**Provided data**.
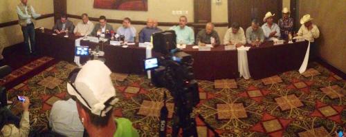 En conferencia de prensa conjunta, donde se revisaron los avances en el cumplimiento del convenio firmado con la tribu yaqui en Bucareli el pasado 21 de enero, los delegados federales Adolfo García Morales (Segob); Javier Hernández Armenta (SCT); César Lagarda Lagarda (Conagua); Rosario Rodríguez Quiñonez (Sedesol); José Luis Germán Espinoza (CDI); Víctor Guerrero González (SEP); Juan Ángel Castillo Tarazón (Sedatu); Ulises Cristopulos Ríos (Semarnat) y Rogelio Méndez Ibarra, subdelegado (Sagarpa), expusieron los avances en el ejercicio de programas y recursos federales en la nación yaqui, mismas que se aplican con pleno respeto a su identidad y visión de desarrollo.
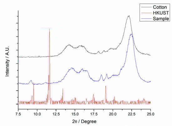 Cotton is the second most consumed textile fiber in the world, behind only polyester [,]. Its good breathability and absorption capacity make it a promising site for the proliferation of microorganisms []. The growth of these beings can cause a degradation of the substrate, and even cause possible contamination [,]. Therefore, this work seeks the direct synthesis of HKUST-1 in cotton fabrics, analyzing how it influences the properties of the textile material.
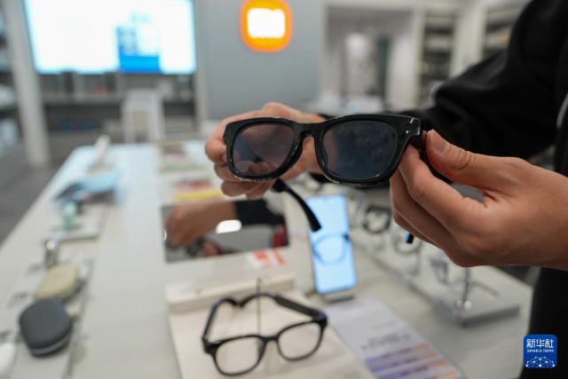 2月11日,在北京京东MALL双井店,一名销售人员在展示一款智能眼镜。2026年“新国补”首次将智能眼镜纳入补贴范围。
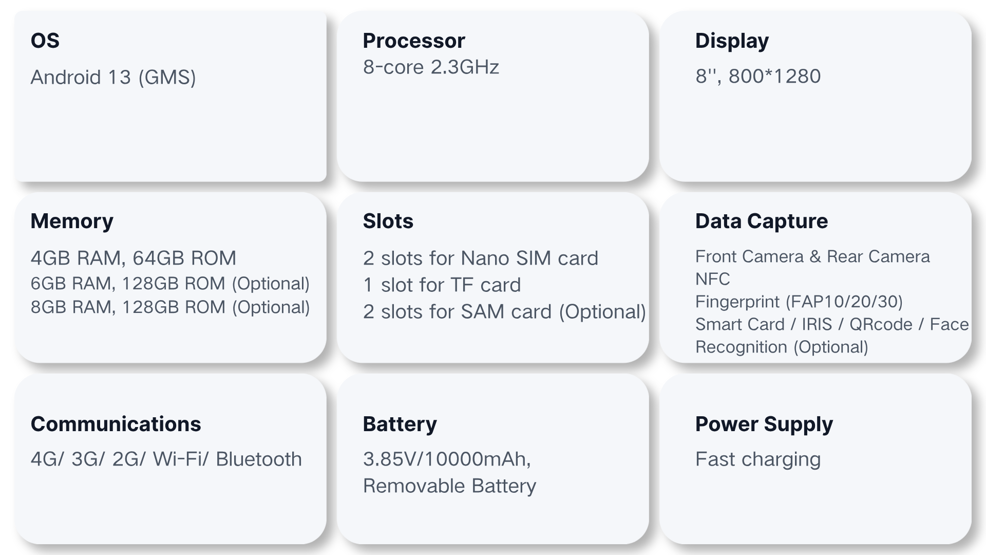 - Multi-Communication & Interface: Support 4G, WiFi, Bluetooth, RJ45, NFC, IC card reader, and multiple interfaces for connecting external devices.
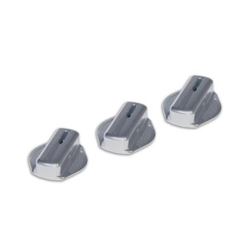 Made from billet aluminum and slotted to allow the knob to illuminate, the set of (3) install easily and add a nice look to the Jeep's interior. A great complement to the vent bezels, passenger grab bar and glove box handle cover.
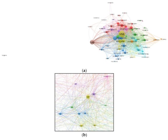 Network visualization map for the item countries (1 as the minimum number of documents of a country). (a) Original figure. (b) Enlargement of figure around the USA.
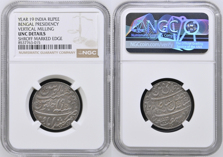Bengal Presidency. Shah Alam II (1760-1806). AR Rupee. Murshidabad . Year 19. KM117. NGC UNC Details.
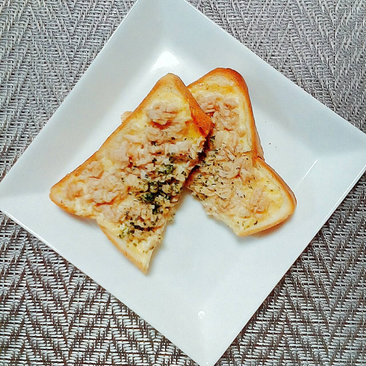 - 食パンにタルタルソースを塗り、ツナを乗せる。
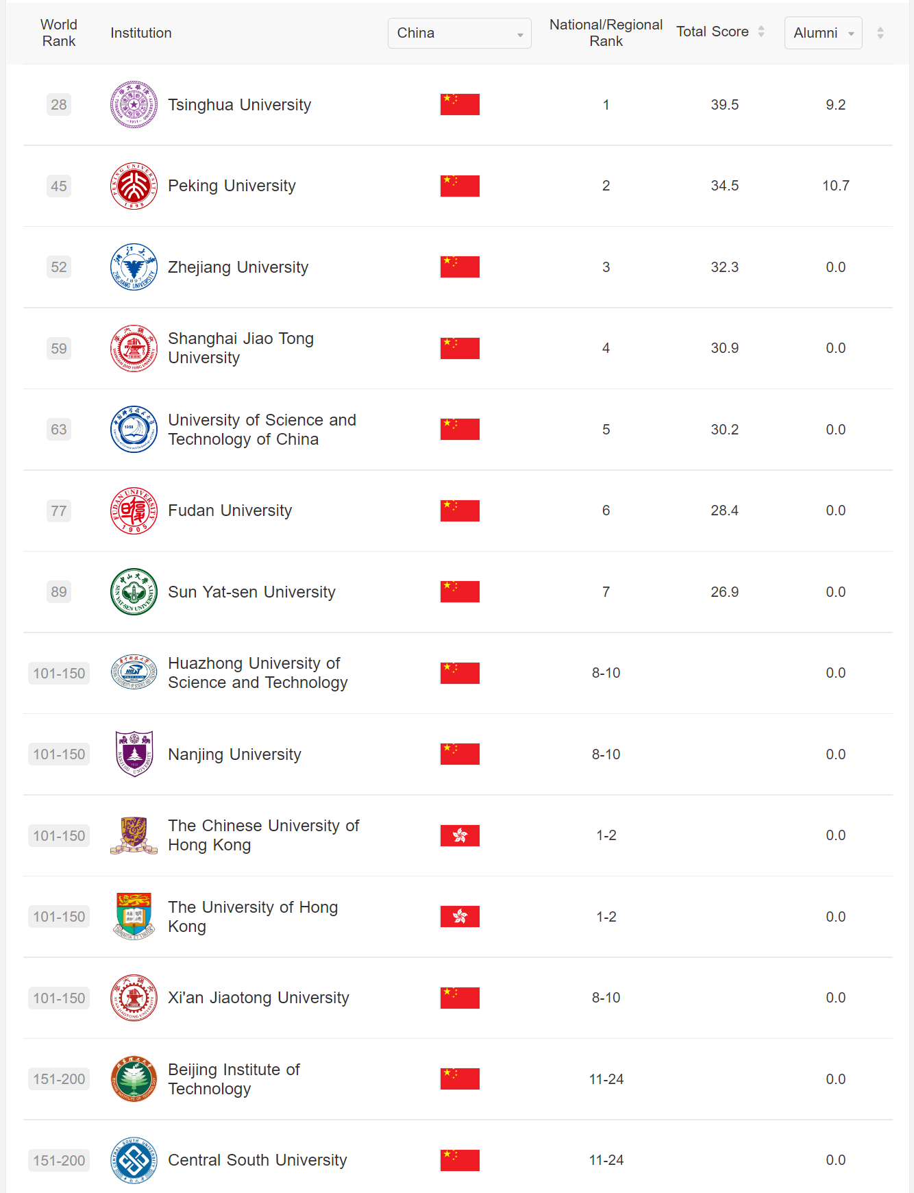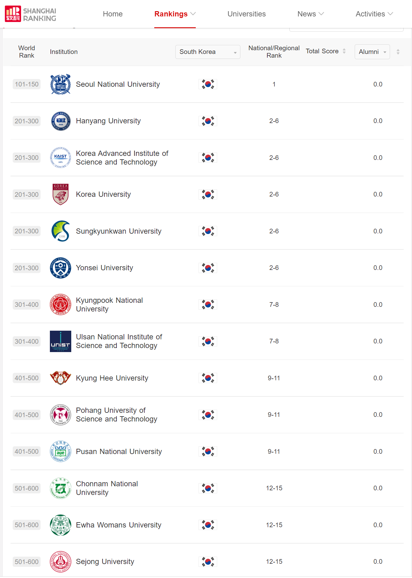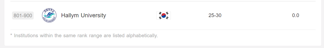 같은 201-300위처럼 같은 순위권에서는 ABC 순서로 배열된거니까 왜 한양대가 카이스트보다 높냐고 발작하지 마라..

* * *

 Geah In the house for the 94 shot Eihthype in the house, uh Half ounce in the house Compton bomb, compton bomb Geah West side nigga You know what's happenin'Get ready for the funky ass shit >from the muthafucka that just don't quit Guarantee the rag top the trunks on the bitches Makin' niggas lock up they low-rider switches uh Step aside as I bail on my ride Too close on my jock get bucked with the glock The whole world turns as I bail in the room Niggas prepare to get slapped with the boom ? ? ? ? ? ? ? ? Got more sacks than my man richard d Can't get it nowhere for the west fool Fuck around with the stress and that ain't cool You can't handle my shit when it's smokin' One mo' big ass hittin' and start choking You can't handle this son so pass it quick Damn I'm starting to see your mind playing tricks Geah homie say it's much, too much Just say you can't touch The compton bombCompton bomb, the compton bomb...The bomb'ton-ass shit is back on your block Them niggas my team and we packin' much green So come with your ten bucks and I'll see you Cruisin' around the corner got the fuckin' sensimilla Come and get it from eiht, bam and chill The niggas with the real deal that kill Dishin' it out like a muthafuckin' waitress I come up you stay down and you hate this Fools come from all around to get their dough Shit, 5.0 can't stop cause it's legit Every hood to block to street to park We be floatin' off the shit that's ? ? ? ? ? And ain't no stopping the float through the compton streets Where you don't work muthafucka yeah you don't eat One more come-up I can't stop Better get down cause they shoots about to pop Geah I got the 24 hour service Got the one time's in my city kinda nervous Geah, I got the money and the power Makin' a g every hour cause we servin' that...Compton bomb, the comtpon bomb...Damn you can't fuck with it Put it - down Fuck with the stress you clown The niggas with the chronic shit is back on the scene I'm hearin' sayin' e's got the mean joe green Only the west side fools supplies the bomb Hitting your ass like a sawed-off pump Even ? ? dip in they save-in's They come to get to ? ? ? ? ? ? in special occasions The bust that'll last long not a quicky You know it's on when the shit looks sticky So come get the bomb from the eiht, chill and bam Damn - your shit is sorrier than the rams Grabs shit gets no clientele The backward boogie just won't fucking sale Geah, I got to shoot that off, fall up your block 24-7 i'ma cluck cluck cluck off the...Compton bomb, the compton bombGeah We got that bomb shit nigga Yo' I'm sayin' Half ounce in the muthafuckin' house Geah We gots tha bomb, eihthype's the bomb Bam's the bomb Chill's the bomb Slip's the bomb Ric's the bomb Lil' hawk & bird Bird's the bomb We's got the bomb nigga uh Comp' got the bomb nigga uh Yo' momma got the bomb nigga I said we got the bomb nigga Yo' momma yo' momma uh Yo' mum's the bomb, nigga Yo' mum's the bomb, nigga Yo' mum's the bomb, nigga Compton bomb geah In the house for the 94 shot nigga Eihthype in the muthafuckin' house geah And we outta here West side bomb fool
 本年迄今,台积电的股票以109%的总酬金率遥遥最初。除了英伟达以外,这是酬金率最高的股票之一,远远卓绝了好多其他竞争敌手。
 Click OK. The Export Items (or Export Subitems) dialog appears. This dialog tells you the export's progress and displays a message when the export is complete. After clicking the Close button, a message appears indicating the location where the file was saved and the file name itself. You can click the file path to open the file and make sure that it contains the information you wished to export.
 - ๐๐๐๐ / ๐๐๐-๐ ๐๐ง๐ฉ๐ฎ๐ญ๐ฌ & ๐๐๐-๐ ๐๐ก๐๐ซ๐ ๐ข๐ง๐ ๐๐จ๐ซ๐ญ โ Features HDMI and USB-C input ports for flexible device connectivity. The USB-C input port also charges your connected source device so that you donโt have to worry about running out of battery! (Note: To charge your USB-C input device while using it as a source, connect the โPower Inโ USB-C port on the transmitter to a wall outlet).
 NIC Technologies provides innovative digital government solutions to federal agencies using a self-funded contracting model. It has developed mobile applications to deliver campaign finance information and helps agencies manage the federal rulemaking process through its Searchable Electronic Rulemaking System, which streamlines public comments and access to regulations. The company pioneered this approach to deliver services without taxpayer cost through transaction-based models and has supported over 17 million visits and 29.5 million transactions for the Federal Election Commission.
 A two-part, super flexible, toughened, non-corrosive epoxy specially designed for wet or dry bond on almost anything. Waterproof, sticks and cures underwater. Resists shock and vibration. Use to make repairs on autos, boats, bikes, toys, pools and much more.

---

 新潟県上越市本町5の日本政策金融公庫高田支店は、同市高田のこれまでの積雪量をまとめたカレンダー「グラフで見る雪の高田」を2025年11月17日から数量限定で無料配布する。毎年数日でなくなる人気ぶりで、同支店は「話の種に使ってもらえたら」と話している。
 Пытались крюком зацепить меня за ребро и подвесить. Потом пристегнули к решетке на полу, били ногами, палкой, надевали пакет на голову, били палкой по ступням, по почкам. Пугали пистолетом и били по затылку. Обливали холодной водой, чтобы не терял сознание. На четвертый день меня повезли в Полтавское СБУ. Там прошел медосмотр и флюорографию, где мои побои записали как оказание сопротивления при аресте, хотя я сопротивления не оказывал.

**Problem to solve**. Give the lines above again exactly, from the one containing "- 食パンにタルタルソースを塗り、ツナを乗せる。" to the one containing "같은 201-300위처럼 같은", both included, but leave out the pictures.

**Task solution**.
 - 食パンにタルタルソースを塗り、ツナを乗せる。
 같은 201-300위처럼 같은 순위권에서는 ABC 순서로 배열된거니까 왜 한양대가 카이스트보다 높냐고 발작하지 마라..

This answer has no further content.